After a 4-year journey, I finally finished my PhD with summa cum laude on November 5th, 2024. My thesis is titled “Analysis and Modelling of Visual Attention on Information Visualisations”. For this blog, I summarized the highlights of my thesis for a 5-minute reading.
Understanding and predicting human visual attention have emerged as key research topics in information visualisation research. After all, knowing where users might look provides rich information on how users explore visualisations. However, research on these topics is still severely limited with regard to the scale of datasets and the generalizability of computational visual attention models.

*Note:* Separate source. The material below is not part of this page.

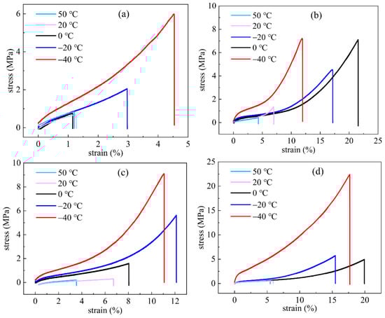 Curves of tensile stress versus strain could explain the relationship between tensile stress and tensile strain in IPN binder specimens’ tensile. Static tensile mechanical properties were necessary and important when studying the mechanical properties of polymer composites, especially for solid composite propellants. The stress-strain curves of S-N, S-H, S-T and S-I interpenetrating polymer network binder specimens tested at −40 °C, −20 °C, 0 °C, +20 °C and +50 °C were shown in Figure 12a–d, respectively. It was obvious that temperatures had a vital influence on the mechanical properties of IPN binders; the tensile strain at break increased with the decreasing temperature. Especially, the excellent tensile ultra-stress and strain at break suggested that the IPN binders combined the soft features of PEG and the high strength of HTPE polymers at low temperatures. Nevertheless, terrible mechanical properties were investigated at high temperatures. The mechanical properties of HTPE/PEG interpenetrating polymer structure binders were improved at high temperatures, compared with HTPE binders [] and PEG binders. Maybe interrupted the force among inter-molecular chains of IPN binders so that the ultra-stress and strain at break were weakened a lot.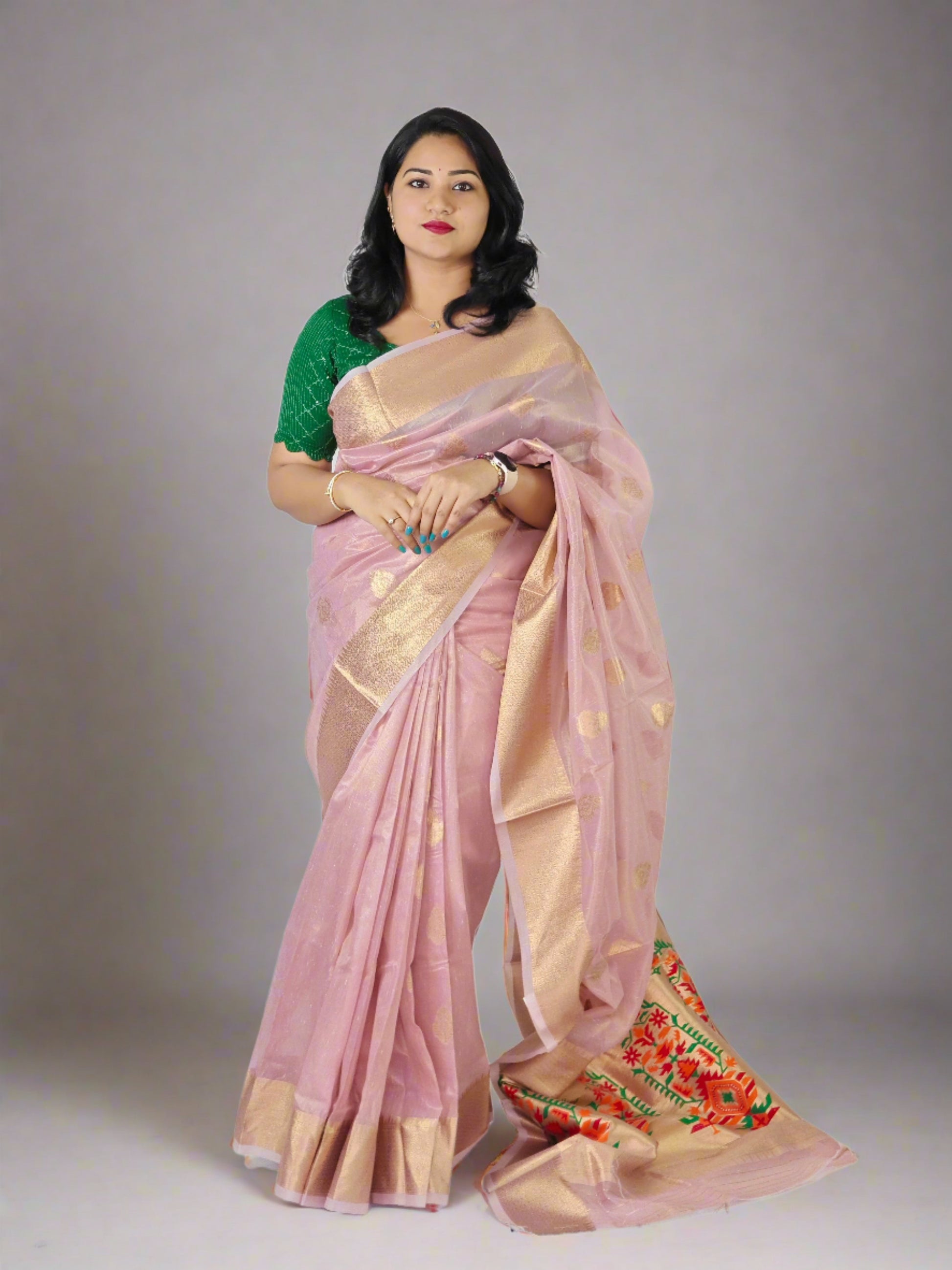 Fabric: Paithani zari tissue handwoven for a shimmering, elegant finish.

To address these limitations, my thesis aims to collect, understand, and predict human visual attention on information visualisations. My contributions can be divided into three categories: visual attention dataset, analysis, and modelling (see Figure 1). The thesis with five scientific publications progresses through four key stages, which I briefly want to sketch in the following.
Stage 1: Datasets
My thesis addresses the scarcity of visual attention data in the field by collecting two novel datasets. The SalChartQA dataset contains 6,000 question-driven saliency maps on information visualisations (see Figure 2). Meanwhile, the VisRecall++ dataset contains users’ gaze data from 40 participants with their answers to recallability questions.
Stage 2: Analysis
Based upon the collected and public visual attention data, the thesis investigates multi-duration saliency of different visualisation elements, attention behaviour under recallability and question-answering task, and proposes two metrics to quantify the impact of gaze uncertainty on AOI-based visual analysis. This work is collaborated with SFB-TRR 161 project B01.
Stage 3: Modelling
Building upon these insights, my thesis proposes two visual attention and scanpath prediction models. VisSalFormer is the first model to predict question-driven saliency, outperforming existing baselines under all saliency metrics (see Figure 3). The Unified Model of Saliency and Scanpaths predicts scanpaths probabilistically, achieving significant improvements in scanpath metrics.
Stage 4: Quantifying visualization recallability
The thesis proposes a question-answering paradigm to quantify visualisation recallability (see Figure 4). It further establishes connections between gaze behaviour and recallability, enabling predictions of recallability from gaze data.
I was fortunate to join the SFB-TRR 161 and the Collaborative Artificial Intelligence (CAI) lab in Stuttgart. I would like to thank my advisor Prof. Andreas Bulling for the continuous support during my PhD, and Prof. Mihai Bâce, Dr. Zhiming Hu, and all other co-authors for their efforts as a part of my thesis work. I also want to thank my family for the all-time love. Finally, I would like to thank the DFG for funding this research within project A07 of the SFB-TRR 161.